This is is called an ascertainment bias correction. Specifically, we will tell IQ-TREE how many constant (invariant) sites there are in our genomic alignment, so that it can scale the branches of our tree accordingly. We can do this using SNP-sites, the tool we already used to get only the sites with SNPs.

Constructing a core SNP alignment and obtaining constant site counts from a full sequence alignment.

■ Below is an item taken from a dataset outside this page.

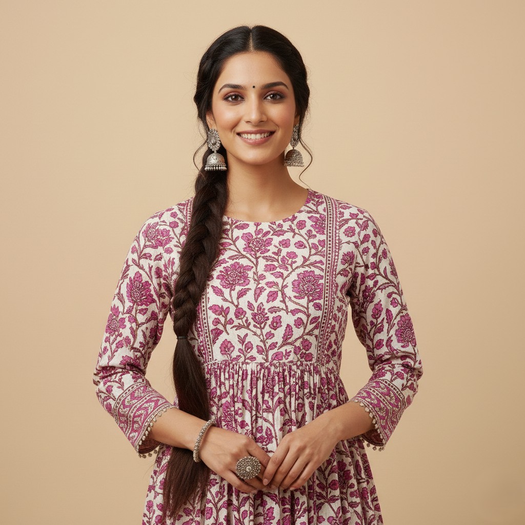 Embrace a romantic and festive aesthetic with this ivory and fuchsia tiered Anarkali dress, featuring an intricate floral trail design. This floor-length ensemble combines traditional craftsmanship with a feminine, flowing silhouette, making it an exquisite choice for weddings, festive celebrations, or elegant evening gatherings.
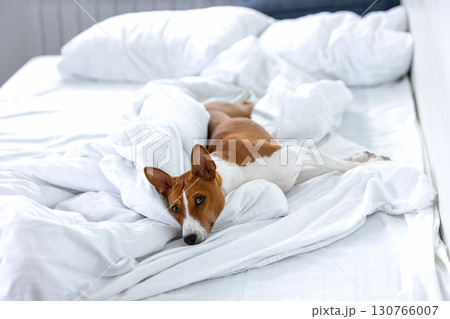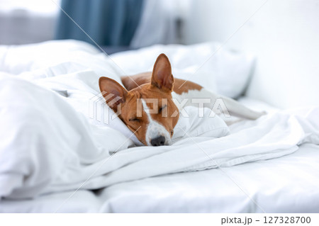 Basenji dog sleeping in owner's bed on white sheet

  • Use SNP-sites to calculate the number of constant sites (A, C, G, and T) in our clean genomic alignment, clean_core.full.aln:

    snp-sites -C clean_core.full.aln > fconst.csv
    • snp-sites : Call SNP-sites
    • -C : Flag to output only counts of constant sites in our alignment (A, C, G, and T)
    • clean_core.full.aln : Provide the path to our input multi-FASTA alignment (i.e., our full, clean genomic alignment produced via Snippy)
    • > fconst.csv : Write the output of snp-sites to a file named fconst.csv

  • snp-sites outputs a comma-separated file, where each field corresponds to the number of constant sites with (from left to right) A, C, G, and T in our full genomic alignment.

Construct a maximum likelihood (ML) phylogeny using IQ-TREE

  • Let’s use IQ-TREE to construct a ML phylogeny, using our recombination-free core SNP alignment as input. IQ-TREE has a LOT of options. Check out the IQ-TREE documentation if you want more details.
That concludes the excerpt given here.